Functional Training Exercises Personal Trainers Recommend for Triceps
Finding certain exercises that help strengthen
the triceps is important when you are trying to work different muscle groups.
Below are two exercises that can help, one with two variations.
Close Grip
Bench Press
Begin laying on your back on the bench. Put hands
close together on the bar. Lift the weights away from the body, then allow it
to return toward the chest. Keep total control at all times. Repeat. Using a
shoulder width grip is a good way to work the triceps, so keep that in mind
during this activity.
Dip
There are two types: the bench dip and the
upright dip. With the bench dip, you start out with hands behind you, facing
away from the body and holding onto a bench. Keep the legs straight out in
front of you, at an angle to meet the floor. Bend the arms to allow the body to
lower toward the floor, until the elbows are bent. Hold for a second, then
return to the original position. Repeat 10 times.
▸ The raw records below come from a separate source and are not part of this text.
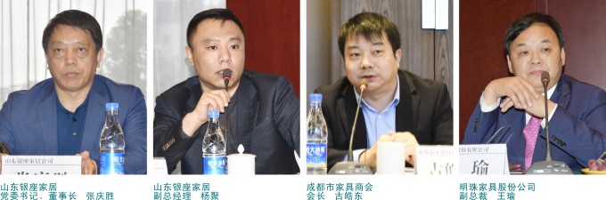 会上,成都明珠家具股份公司副总裁王瑜、沃克家居董事长谢建明、莱茵艾格家具董事长罗俊义、巨田家居董事长杨治国、蓝莲定制家具总经理郭兴旺、艺标家居总经理曾强等企业老总纷纷发表自己的观点。大家分析了当前的市场和企业面临的问题,并就如何拓展渠道、如何提升自我,提升品牌形象等问题,与山东银座家居负责人现场进行了交流。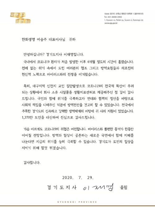 ÀÌÀç¸í °æ±âµµÁö»ç°¡ Äڷγª19 °æÁõȯÀÚ Ä¡·á¸¦ À§ÇØ °æ±âµµ°¡ ¿î¿µÇÑ »ýȰġ·á¼¾ÅÍ¿Í ÇØ¿ÜÀÔ±¹ µµ¹Î ÀӽûýȰ½Ã¼³¿¡ µµ¿òÀ» ÁØ ¹Î°£±â¾÷ ¹× ÀÇ·á±â°ü µî 12°÷¿¡ °¨»ç ÆíÁö¸¦ Àü´ÞÇß´Ù.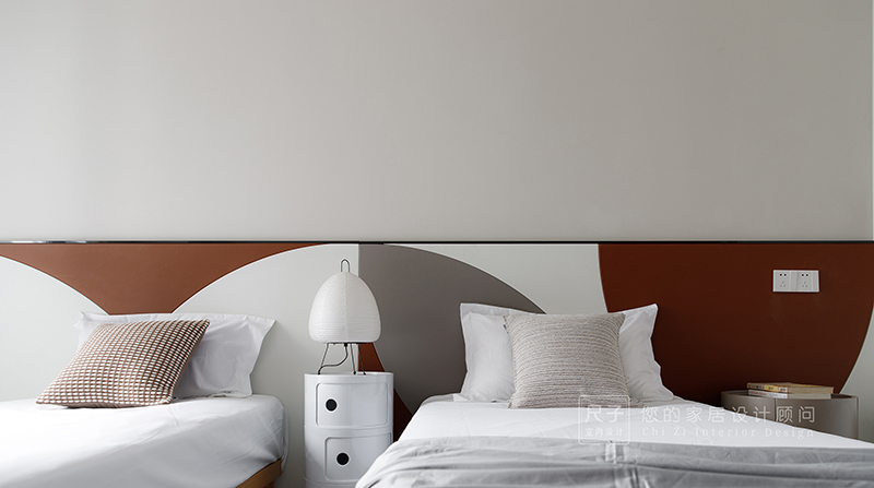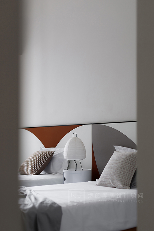 沙发背景,地面材质的拼贴,色彩搭配选择都是优先考虑到功能、视觉等因素而去设计。通过曲线的延展,从玄关到客餐厅,从客餐厅到房间,想在规整次序的空间里增加律动感,意料之中,也在意料之外。
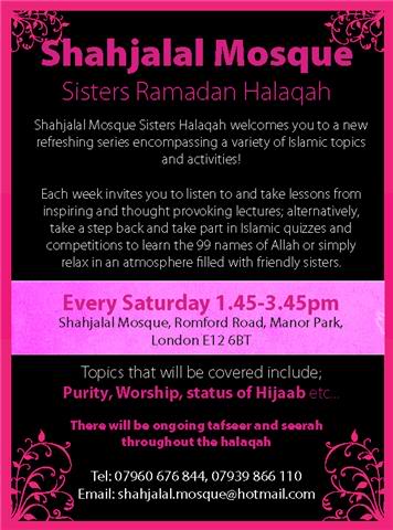 Sisters Halaqah - Saturdays 1.45pm-3.45pm (For Sisters Only)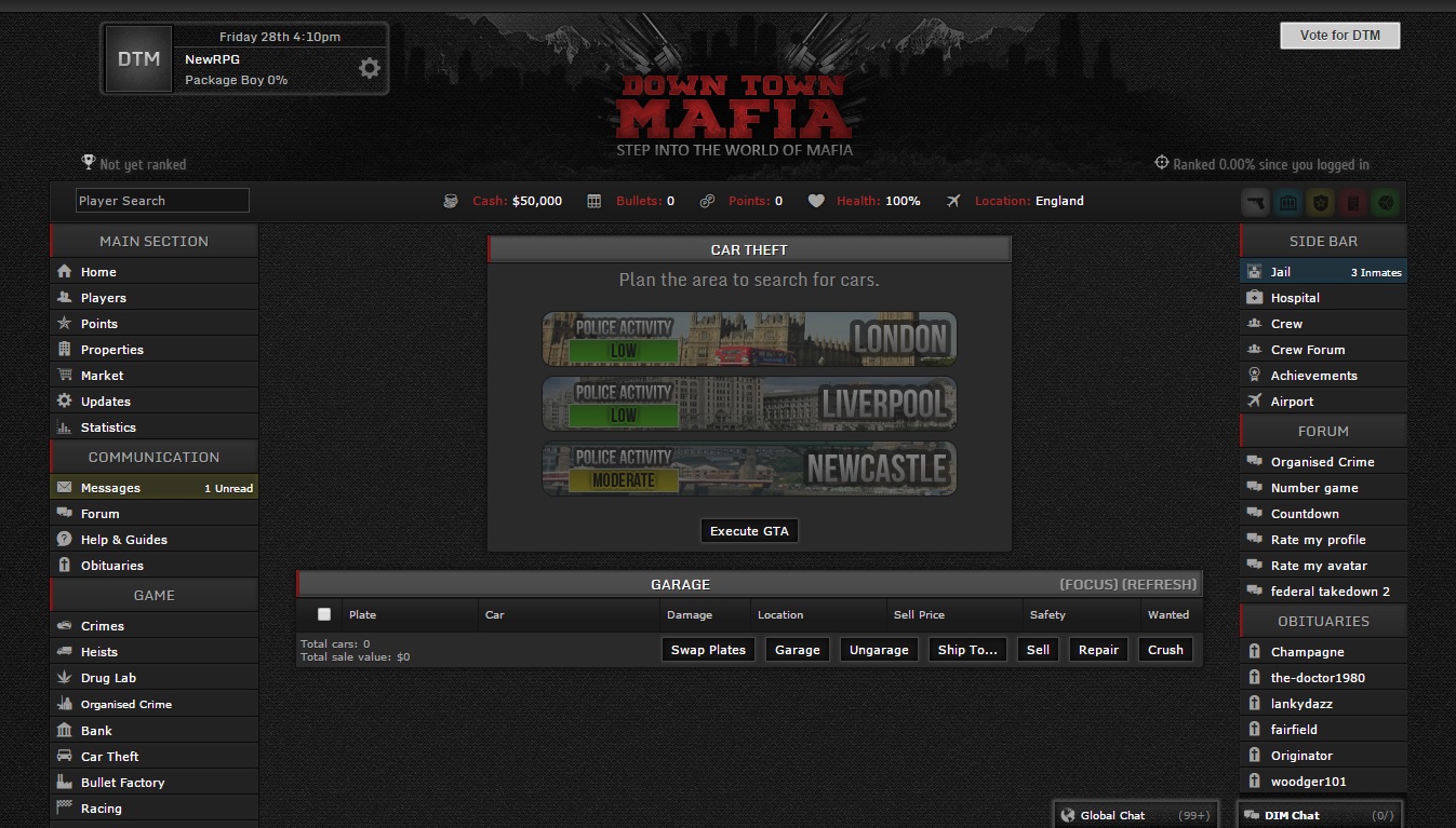 DownTown Mafia is an online mafia browser game. Commit crimes, but keep in mind that there is always a chance for failure. If you want to steal a vehicle you should also consider the police activity in different areas. The game allows you to build your own car and participate in races. Complete missions, visit bullet factory and attempt killing actions. Gambling contains blackjack, lottery, roulette, poker, race track and keno. Travel to other areas, purchase good weapons, earn achievements and become a real gangster.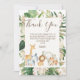 Cartões de agradecimentos do Boho Greenery Safari Chá de fraldas Cute faux gold e safari de folhagem verde cartões de agradecimentos com o tema de chá de fraldas, apresentando quatro animais de safari fofinhos e uma dica de folhas de palma de boho em tons naturais.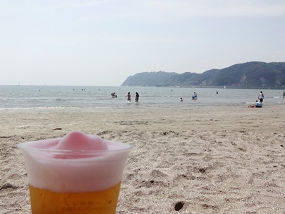 逗子で暑いなんて言っていたら、もっと暑いところの方には怒られてしまいそうですが、、、 逗子には緑があって、海があって、風が爽やかで、夏を満喫するには最高! 写真は、先日の定休日に子供と行った逗子海岸。持っているビールは、「キリンフローズン生」 砂浜も暑いので、せっかくのシャリシャリ感はあまり味わえませんでしたが、泡は最後までしっかり冷たさを保っていました。 この写真、見るだけで暑さも吹き飛びそうですねぇ・・・ 逗子海岸の平日は、思ったよりも人が少なく、とても静かに過ごせました。 場所は、先日もご紹介した、渚橋から入って、利休、88’Bar の前あたり。 フローズン生は、その5つくらいお隣の、日テレ海の家で売っていました。 晴れの日に行かれる方は、パラソルを借りるのをオススメします。(1日1500円也) |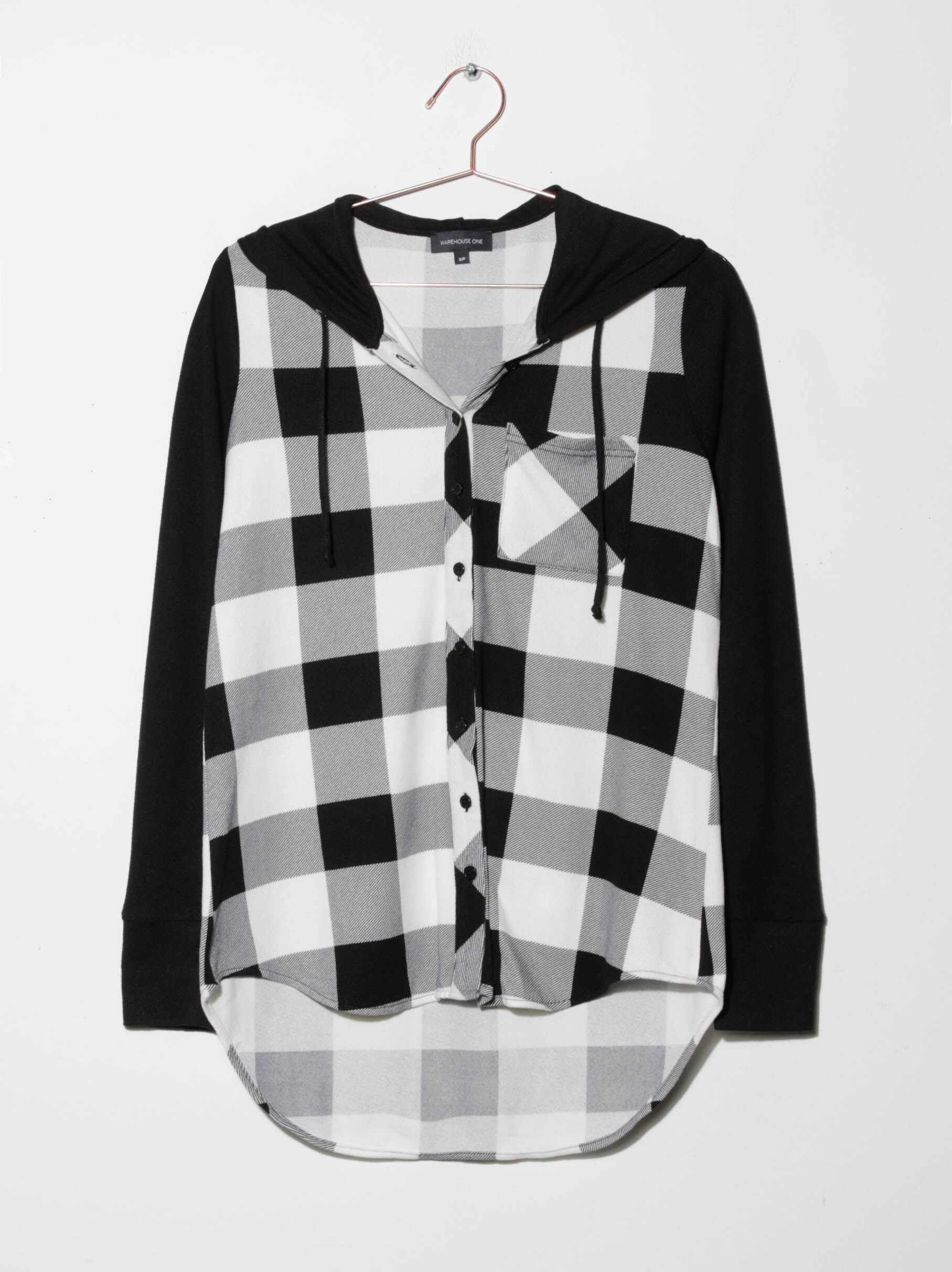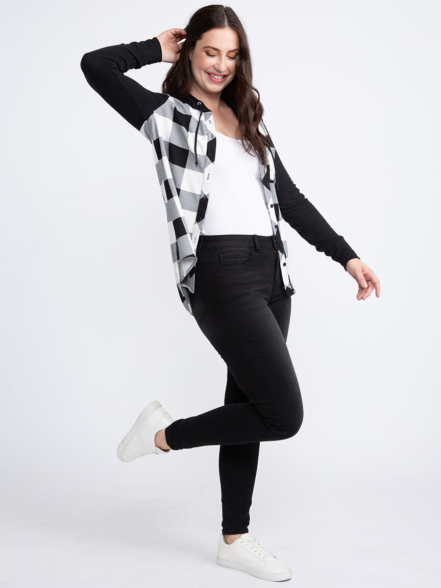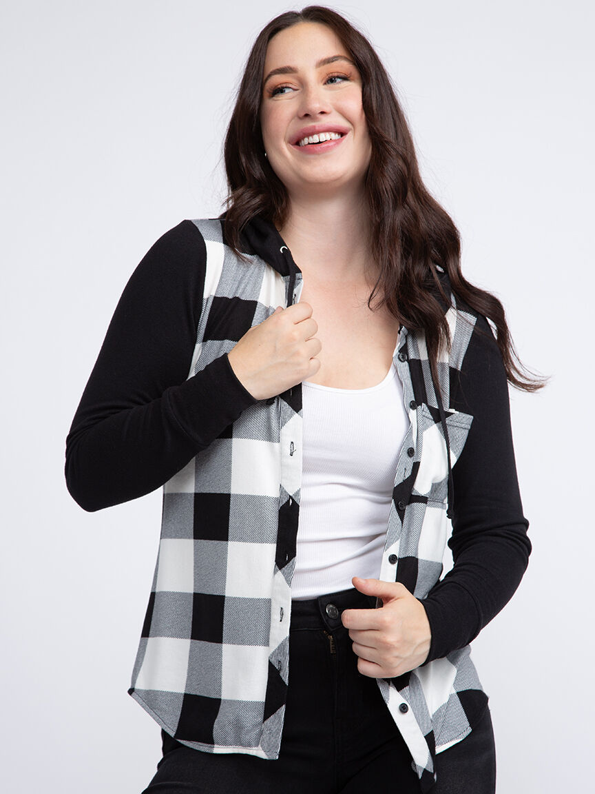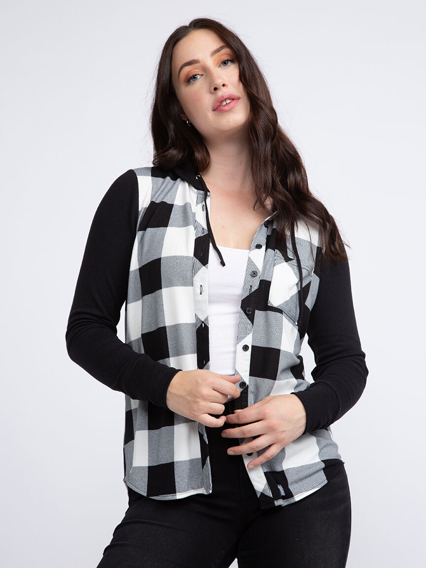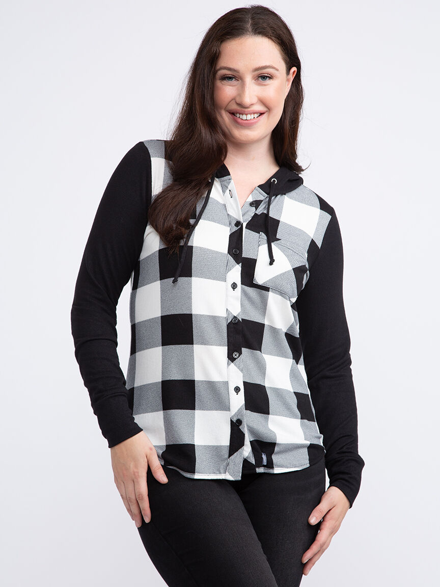 Women's Knit Hooded Buffalo Plaid Shirt Image 1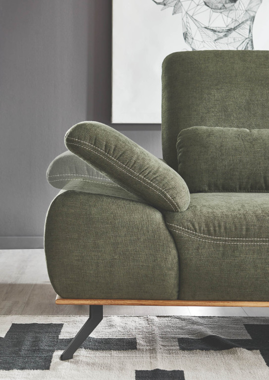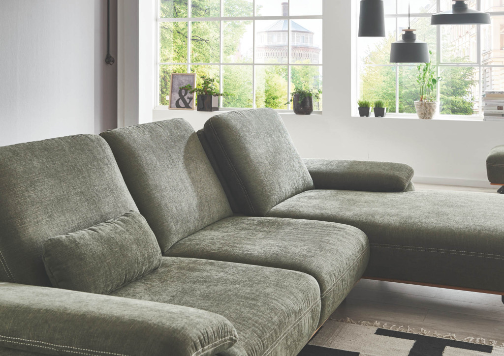Hochwertige Details wie die dekorative Doppelsteppnaht, auf Wunsch auch ohne Kontrastfaden, unterstreichen den handwerklichen Charakter. Dank der großen Stoff- und Farbauswahl, inklusive langlebiger Longlife‑Bezüge, lässt sich das Sofa perfekt an individuelle Stilvorlieben anpassen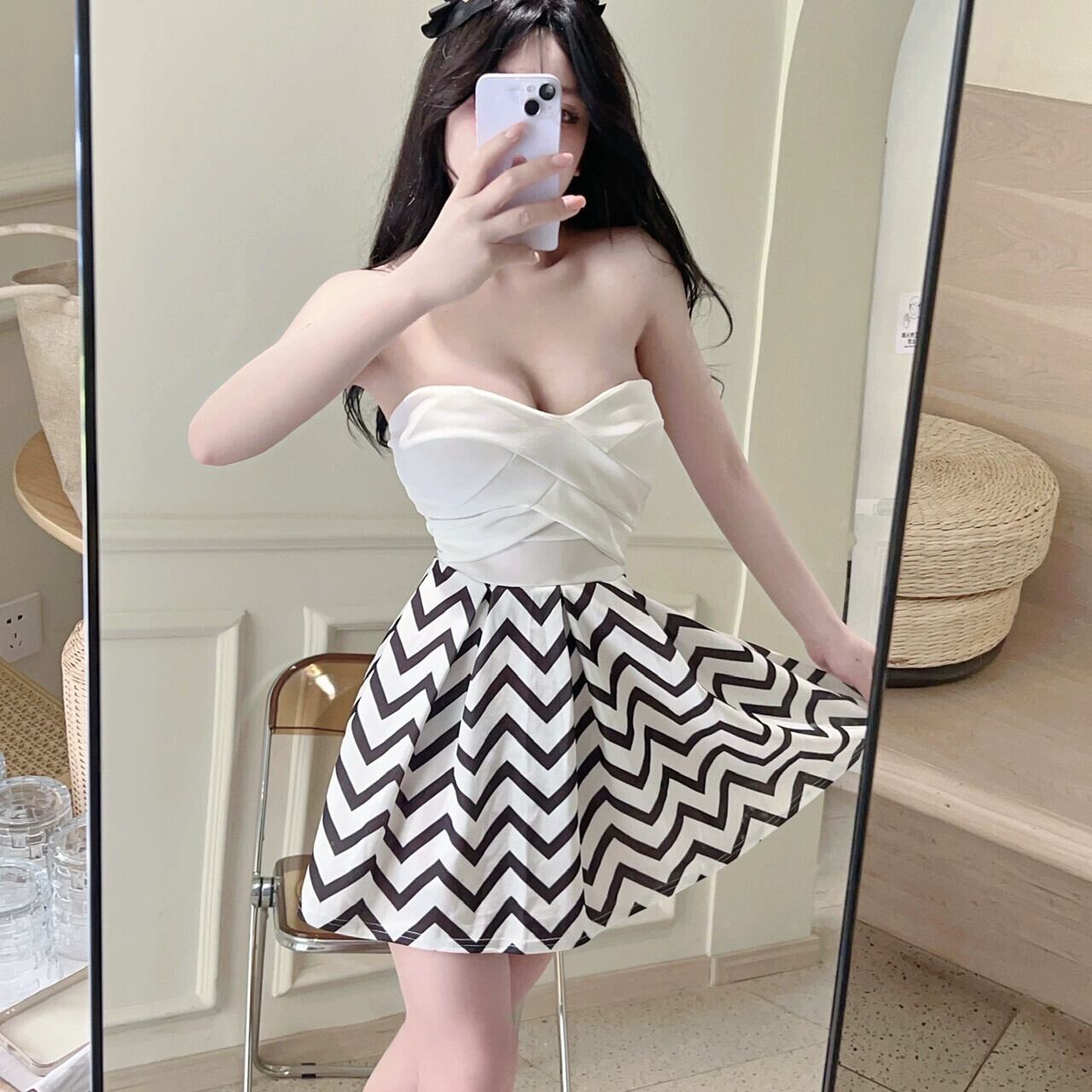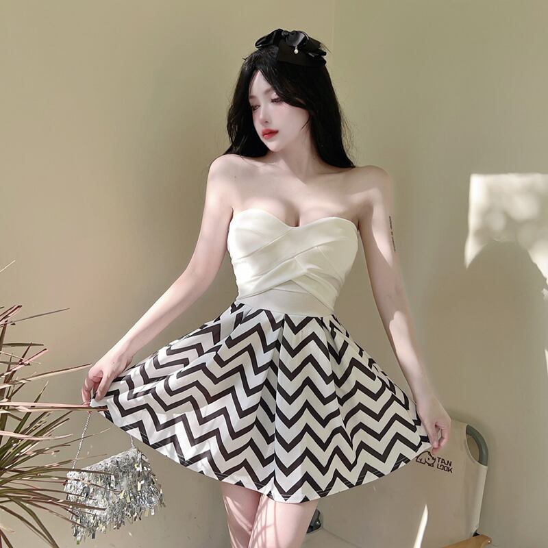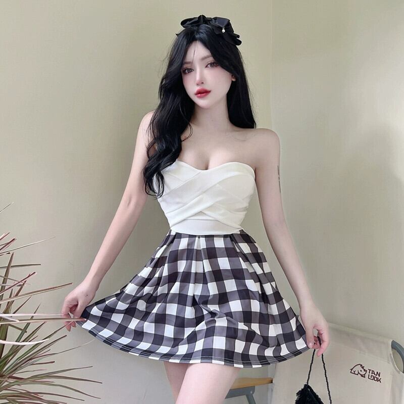 夜の作業作業服ペディキュア女性技術者の服セクシーなナイトクラブの女性のチェック柄ステッチチューブトップドレス yeyij20905680705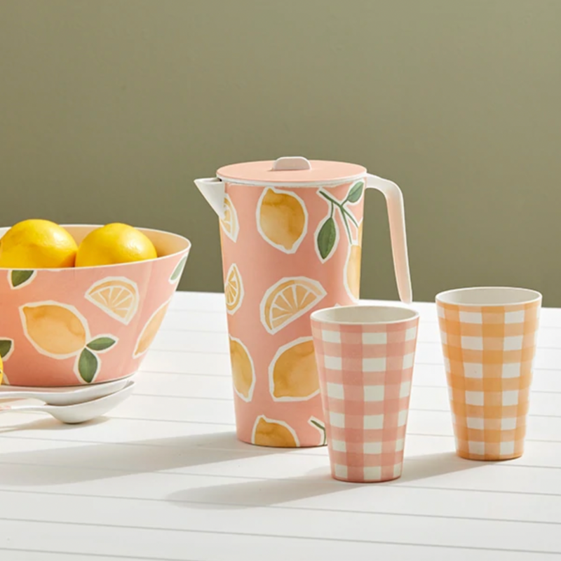 Show your 'zest' for entertaining with the Verna Bamboo Fibre Jug. Featuring a fun lemon design.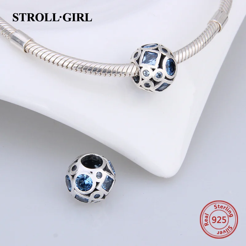 Прекрасный новый 925 стерлингового серебра коллекции круглые бусины из голубого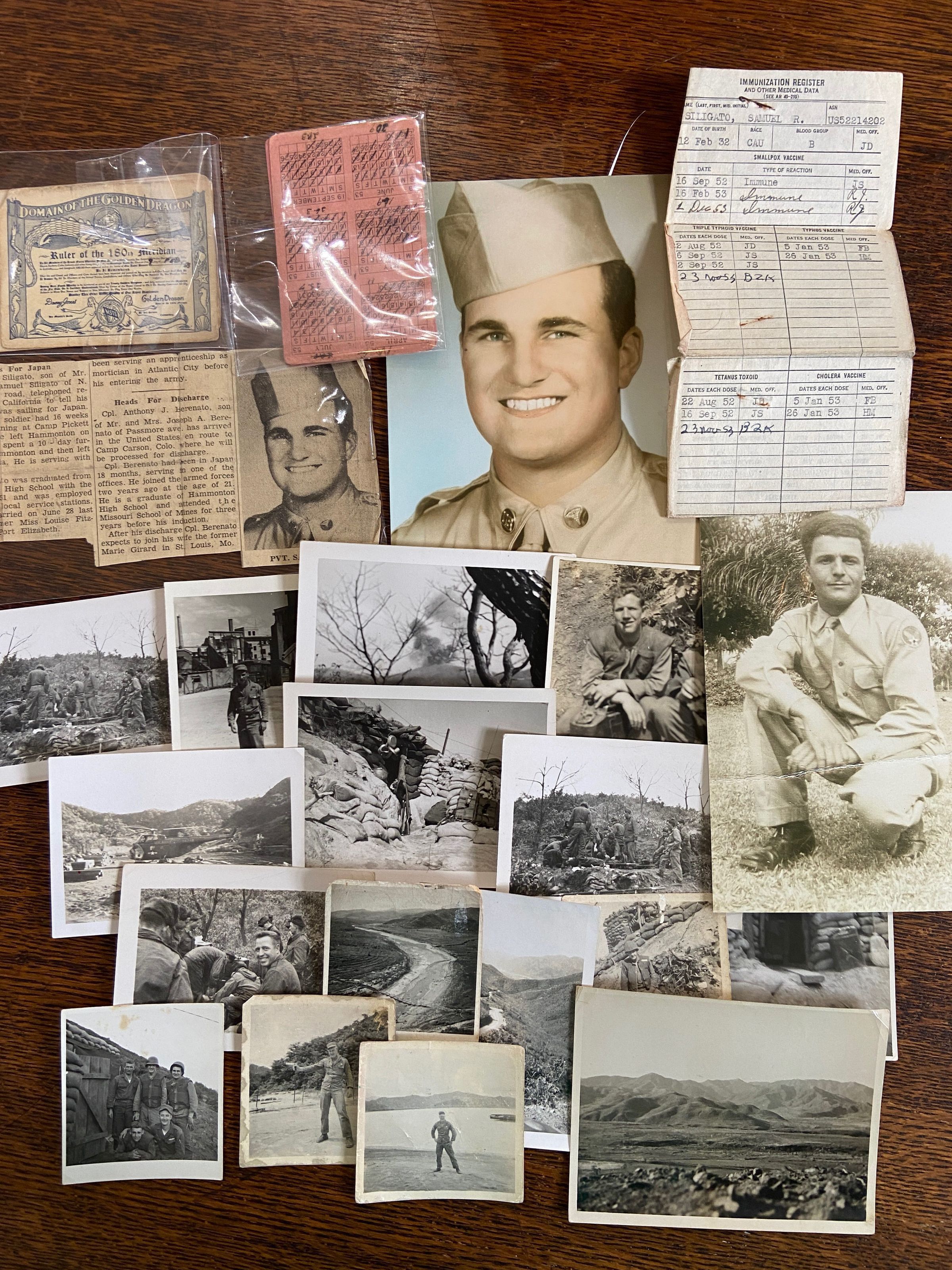 Korean War Memorabilia and Photos, Selective Service documents of Sam Siligato. Photos are copies of originals. 2023.28.5.1- Photo and newsclipping-“Siligato Sails to Japan” 2023.28.5.2- Selective Service System Registration Certificate 2023.28.5.3- Immunization Records 2023.28.5.4- Welcoming Banquet - Basic Training 2023.28.5.5- Domain of the Golden Dragon 2023.28.5.6- Collection of copies of Korea pictures 2023.28.5.7- Calendar counting down days served 2023.28.5.8- Discharge Papers 2023.28.5.9- Citation 2023.28.5.10- Awards received for service

The upright dip begins with your hands out to
either side, balancing your weight on a dip station. This has your elbows close
to the body as possible. This helps focus on the triceps as well. Keep the body
as straight as possible and lower the body toward the floor, until the elbows
are bent. Contract abs and glutes and keep feet together. Push upward to start
position. Repeat.
Working with White Plains personal trainers can help
you find other exercises that focus on the triceps and are helpful to make sure
your body is gaining mass at a comparative rate in different muscle groups.
Make sure to keep to your own pace and not overextend, as this can cause
injury. That can make for a significant setback in your efforts.
A personal trainer NYC residents
trust can also help you find the perfect way to incorporate these exercises
into your workout, allowing you to do the right exercise at the right time for
your level of experience and your interest level during the workout. The
experience a trainer brings to the workout can make a big difference.